I have a pretty unique job out in the real world. On Saturday afternoons I spend my time monitoring the goings on across the top four divisions in English and Scottish football. Everything from notable goals, dubious efforts, rash red cards and bizarre circumstance usually spark my interest in amongst a sea of television streams.

Usually I can pick and choose between 10-12 matches in the English Championship to watch live. I stroll along three banks of desks as the analysts are busy at work and can linger to take in a promising situation. It’s pretty cool all told.

At about 4:20pm on Saturday afternoon I noted how well a team in white were retaining possession. Their opposition were doing their utmost to close down the ball as quickly as possible, hunting in packs and racing towards the man in position with dangerous intent; and they moved it around them. The ball was moved in and out of holes in midfield; and then out wide to the left back who eventually played a wayward cross towards the striker. The signs were good.

Until I was reminded that the team in white were Huddersfield and I had been aghast with some of their hideous play in the opening 45 minutes.

Huddersfield Town eventually showed up to the party on the opening day once they were 0-4 down; and even then they managed to concede a penalty a few minutes later.
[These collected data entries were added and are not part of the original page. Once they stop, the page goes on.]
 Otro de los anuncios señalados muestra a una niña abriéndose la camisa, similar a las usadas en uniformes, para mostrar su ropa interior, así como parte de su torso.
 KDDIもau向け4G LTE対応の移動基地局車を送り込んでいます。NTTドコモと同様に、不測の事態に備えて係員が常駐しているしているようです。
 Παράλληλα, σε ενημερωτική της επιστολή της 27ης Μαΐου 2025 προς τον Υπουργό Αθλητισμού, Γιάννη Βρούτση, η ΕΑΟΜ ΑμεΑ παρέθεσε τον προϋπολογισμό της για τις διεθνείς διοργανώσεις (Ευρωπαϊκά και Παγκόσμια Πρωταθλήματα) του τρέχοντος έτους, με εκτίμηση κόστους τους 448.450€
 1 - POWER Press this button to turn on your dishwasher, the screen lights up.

Refusing to give it a proper go until already four goals down is an unsustainable tactic; no matter what way you look at it.

It was only one performance and on the blunt face of it, it’s pretty harsh on Mark Robins that he has already become the first managerial casualty of the new season.

However, the writing has been on the wall. After beating Barnsley 5-0 on March 1st, The Terriers won just two of their remaining 13 games in the league. Those two victories came in the final three matches of the season and put a gloss on the season as it lifted Town into 17th place in the league.

The season didn’t end well for Robins and it was clear on Saturday that he hadn’t corrected those errors. His summer of preparation hadn’t done the trick and a change needed to be made with three weeks left in the transfer window.

It’s a far from ideal situation for Huddersfield but sometimes changes need to be made. Saturday’s performance proved that to be the case. Mark Robins is a victim of modern football and the pressure that comes with it; but his methods weren’t working. Given their poor run-in and the disaster against Bournemouth, it’s hard to argue with his departure.